现有技术中终端对录音文件的编辑方式过于单一,不能满足用户对不同场景下对录音文件的处理需求,影响用户体验。
发明内容
本申请提供的一种终端中音频处理的方法及终端,可以自动提取音频中不同人声的音频,有利于提升用户体验。
第一方面,本申请提供的方法,包括:终端在第一界面上检测到第一操作;响应于第一操作,终端自动识别第一文件中的音频内容所属的不同人声,第一文件为包含音频的文件;终端显示第二界面;其中,第一文件中音频内容所属的不同人声在第二界面中具有不同的标记。
其中,第一文件为包含音频的文件,可以是纯音频文件,也可以是视频文件或者3D影像文件或者全息影像文件等。
示例的,可以利用该麦克风阵列对第一文件中不同声音的声源进行定位。换言之,对于使用麦克风阵列录音的第一文件,可以用对应的算法识别出该第一文件中的声音在录制时对应的声源。在通常的录音场合,发声的人相对于录音设备的位置是相对固定的,故不同的声源对应的声音就对应不同的人。

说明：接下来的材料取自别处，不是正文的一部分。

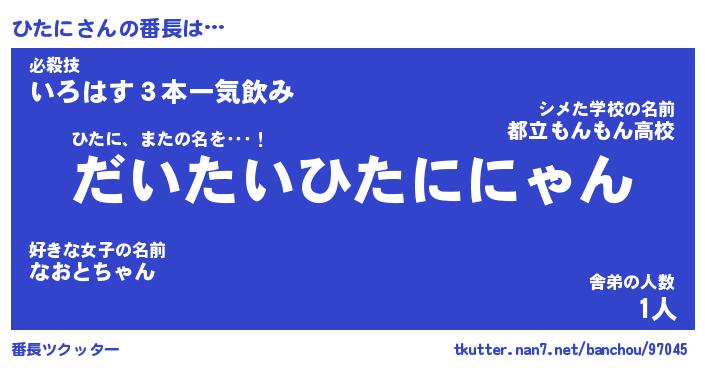 | ヘコむあだ名 | 『ひたにゅー』『なまこ酢』『ひたお』 |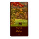 This lovely red wine bottle label a landscape of two brown horses in their green pasture with autumn foliage colours of red, orange, yellow and gold in the hills behind. A fence surrounds the pasture. All text can be customised with your special information.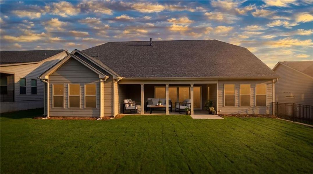 Tifton B. Main floor living at its best, includes a dining room, study, kitchen with large island that opens to the family room and breakfast room. The primary bedroom includes a sitting bay and bath with a huge walk-in closet that has a door leading straight to the laundry room. Secondary includes a walk-in closet with easy access to hall bath. Covered deck off family room with an additional grilling patio. A window wall in the family room as well as quad doors leading to the patio. And finally a Golf Cart garage and an extra 3ft extension to the garage. The Award-Winning Builder, Patrick Malloy Communities, provides an Award Winning 55 plus community project, Soleil Belmont Park. It features 471 low maintenance homes situated on large home sites. Located between the picturesque towns of Milton and Canton, Soleil Belmont Park provides a dream setting for active adults aged 55 and above. The Soleil brand has redefined active adult living in Georgia with its resort style of living. Residents of Soleil Belmont Park are privy to an array of amenities: a rejuvenating resort-style pool, a cutting-edge health & fitness center, a cozy coffee and cocktail bar, pickleball/tennis courts, bocce ball, a gourmet kitchen for catering, winding walking trails, flourishing gardens, and a dedicated arts & crafts studio. Further enriching the experience, an on-site lifestyle and travel director ensures an ever-evolving calendar of events and excursions. Joining the Soleil community means bidding adieu to seasonal chores and property upkeep. We offer comprehensive services, allowing residents the freedom to chase passions, kindle friendships, and truly relish life. For the discerning active adult, Soleil Belmont Park isn't just a community, its home.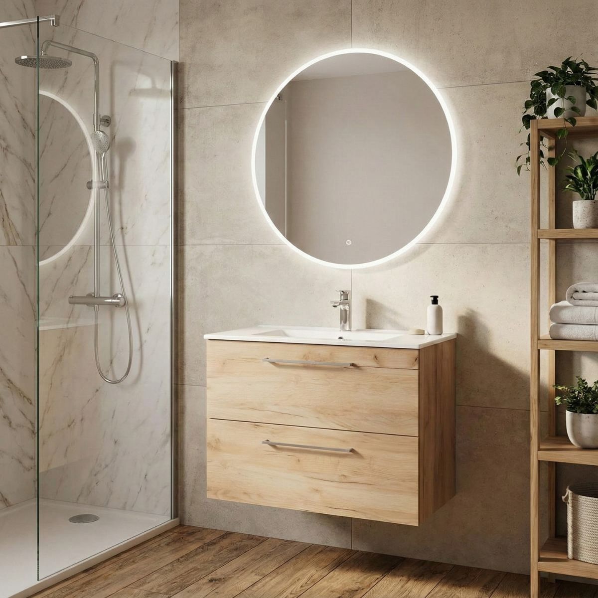 Valamukappi saab konbineerida lettvalamu või töötasapinna ja teasapinnapealse valamuga. Kui valida töötasapind, mis on kapist laiem, saab luua personaalse vannitoalahenduse, lisades juurde teisi sama kollektsiooni kappe või riiuleid. See võimaldab suurendada hoiuruumi ja säilitada vannitoas harmoonilise ilme.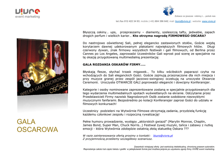 Zobacz co jeszcze robimy i… polub nas tel./fax 012 422 34 93; mobile (+48) 604 396 642; mail: [email protected] ; website: www.vivre.pl Błyszczą cekiny… ups, przepraszamy – diamenty, szeleszczą tafty, jedwabie, zapach drogich perfum i wielkich karier… Kto otrzyma nagrodę FIRMOWEGO OSCARA? Do nastrojowo oświetlonej Sali, pełnej elegancko zastawionych stołów, Goście wejdą korytarzem dawnej udekorowanym plakatami największych filmowych hitów. Długi czerwony dywan, znak firmowy wszystkich festiwali i gali filmowych, od Berlina przez Cannes po Los Angeles, zaprowadzi Uczestników Gali wprost pod scenę ze specjalnie na tę okazję przygotowaną multimedialną prezentacją: GALA ROZDANIA OSKARÓW FIRMY….. Błyskają flesze, słychać trzask migawek… To kilku wścibskich paparazzi czyha na wchodzących do Sali eleganckich Gości. Goście zajmują przeznaczone dla nich miejsca i przy muzyce granej przez zespół jazzowo-swingowy oczekują na uroczyste Otwarcie Ceremonii. Uroczyste OTWARCIE GALI poprowadzi elegancki i dowcipny Konferansjer. Kategorie i osoby nominowane zaprezentowane zostaną w specjalnie przygotowanych dla tego wydarzenia multimedialnych spotach wyświetlanych na ekranie. Odczytanie przez Przedstawicieli Firmy nazwisk Nagrodzonych Osób zostanie ozdobione niezwykłymi muzycznymi fanfarami. Bezpośrednio po kolacji Konferansjer zaprosi Gości do udziału w filmowych konkursach! Uczestnicy podzieleni na Wytwórnie Filmowe otrzymają zadania, przydzielą funkcję każdemu członkowi zespołu i rozpoczną rywalizację! GALA OSCAROWA Pełne humoru prowadzenie, występy „aktorskich gwiazd” (Marylin Monroe, Chaplin, James Bond, Super Man, Chuck Norris…) Festiwal żywej muzyki, tańca i zabawy z nutką emocji - która Wytwórnia zdobędzie ostatnią złotą statuetkę Oskara ??? W razie zainteresowania ofertą prosimy o kontakt: [email protected] Z przyjemnością prześlemy szczegółowy scenariusz. Zawartość niniejszej oferty jest wartością intelektualną, chronioną prawem autorskim. Reprodukcja całości lub części tekstu i grafiki w jakiejkolwiek formie jest możliwa jedynie po uzyskaniu zgody firmy VIVRE event marketing.

对于第一文件来说,在终端可以定位出第一文件中各个声源的位置,可以确定该录音文件中包含有几个人的声音。然后,可以再结合声纹识别技术,确定出各个人对应的音频内容。
由此可见,本申请实施例提供的方法,对于包含音频的第一文件,终端可以自动识别出第一文件中不同人的声音,并将不同人对应的音频内容分别标识出。这样,用户可以快速得定位到特定人的音频位置,提升了用户的工作效率,提升了用户体验。
一种可能的设计中,终端在第一界面上检测到第一操作具体为:终端在第一文件的播放界面或编辑界面上检测到点击自动识别人声的功能按钮的操作,或者选择自动识别人声的菜单选项的操作。

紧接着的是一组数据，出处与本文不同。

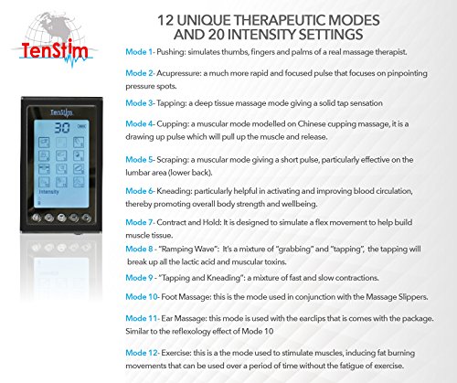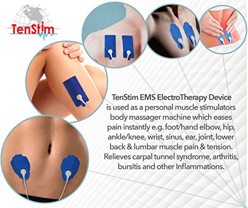 Studio : Tenstim Publisher : Tenstim Binding : Health and Beauty Product Description SMART THERAPY: Featuring our Upgraded Version TENSTIM MD Model which mimics the realistic traditional Chinese massage (TuiNa) sensations and acupuncture technology. Our professional FDA cleared EMS pulse massager device offers a large LCD display with LED backlight and 12 unique therapeutic modes. There are 20 independent intensity settings. BONUS EAR CLIP INCLUDED FOR EAR MASSAGE THERAPY: A bonus Earclip included, which works similar to the reflexology, by stimulating the ear you effectively stimulates various parts of your nerves and muscles and relaxes your body. INSTANT PAIN RELIEF FOR THE ENTIRE BODY: Super relaxing to use after a stressful day of work. Eases pain rapidly e.g. foot/hand elbow, hip, ankle/knee, wrist, sinus, ear, joint, lower back lumbar muscle pain. Relieves carpal tunnel syndrome, arthritis bursitis. Used in professional physical therapy pain management facilities. 100% chiropractor recommended to relieve intense body pain. DUAL CHANNELS: Includes independent mode controls for each of its 2 channels. You can treat two different body parts at once with different settings! 2 REUSABLE ELECTRODE PAD SETS: This device comes with a set of large pads and a set of extra-large pads. 1 set is equal to 2 pads so there are 4 pads in total. Each package includes 2 cords, each cord has the ability to attach 2 pads. The pad board is to stick the pads to when you are done using the device. PORTABLE RECHARGEABLE: This device is rechargeable with a wall adapter. It also has the USB to Micro USB charging capabilities (Included). 1 YEAR WARRANTY: Since customer satisfaction is our priority, we offer a 1 year warranty. PACKAGE CONTENTS: 1 TenStim MD Unit 1 set of Large Pads 1 set of XL Pads 2 Electrode Wires USB Cable AC Adapter Pad Board Ear Clip for sinus and ear infections Instructions Manual 0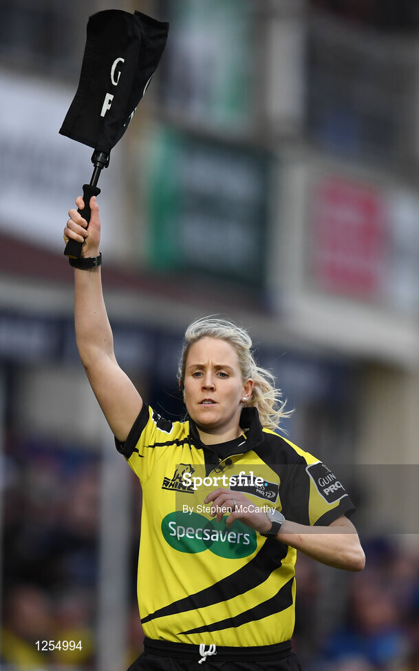 31 December 2016; Touch judge Joy Neville during the Guinness PRO12 Round 12 match between Leinster and Ulster at the RDS Arena in Dublin. Photo by Stephen McCarthy/Sportsfile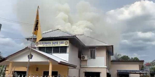 The Sibu gurdwara builiding was partially damaged, especially its roof, in a fire yesterday (Dec 14).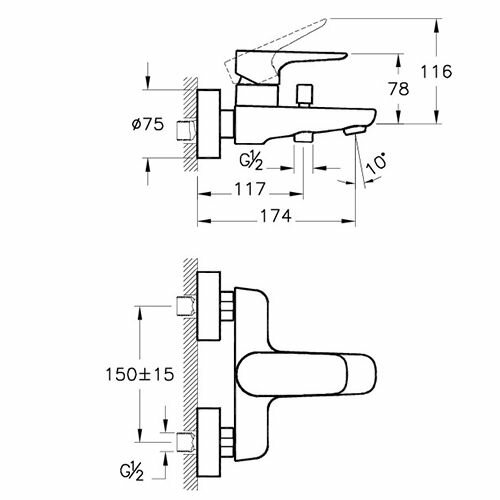 СохранитьСмеситель для ванны/душа Vitra X-Line настенный, однозахватный, короткий излив, цвет:хром A42324EXP интересное:
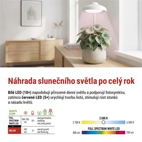 • 10× bílé LED simulují denní světlo, podporují fotosyntézu a zajišťují přirozený vzhled a sytou barvu listů

一些示例中,第一界面可以为终端中音频应用中第一文件的播放界面或编辑界面 (例如:图3E所示的界面),该界面上包含有“自动识别人声”的功能按钮或菜单选项,那么,第一操作为用户点击该功能按钮或选择该菜单选项的操作。其中,音频应用是指可以处理包括音频的文件的应用。
一种可能的设计中,所述终端在第一界面上检测到第一操作具体为:在终端开启自动识别人声的功能时,终端在音频应用的界面上检测到打开所述第一文件的操作。
此时,第一界面为音频应用的播放列表界面、或第一文件的播放界面或编辑界面等。
一种可能的设计中,在终端在音频应用的界面上检测到打开所述第一文件的操作之前,所述方法还包括:在终端的系统设置的界面上检测到打开终端的自动识别人声的功能的操作;或者,在音频应用的设置界面上检测到打开音频应用的自动识别人声的功能的操作。
一些示例中,用户可以预先通过终端操作系统的系统设置界面,或者,终端默认开启终端的“自动识别人声”的功能。那么,终端在检测到与音频相关的应用(例如:音频应用、录音应用等)有处理音频的操作时,可以对包含音频的文件进行自动识别人声。
一些示例中,用户可以预先通过某类应用(例如音视频类应用)或者某个应用(例如:“录音机”应用)的设置界面,或者,终端默认开启某类应用或某个应用的“自动识别人声”的功能。那么,终端在检测到该类应用或该应用有处理音频的操作时,可以对包含音频的文件进行自动识别人声。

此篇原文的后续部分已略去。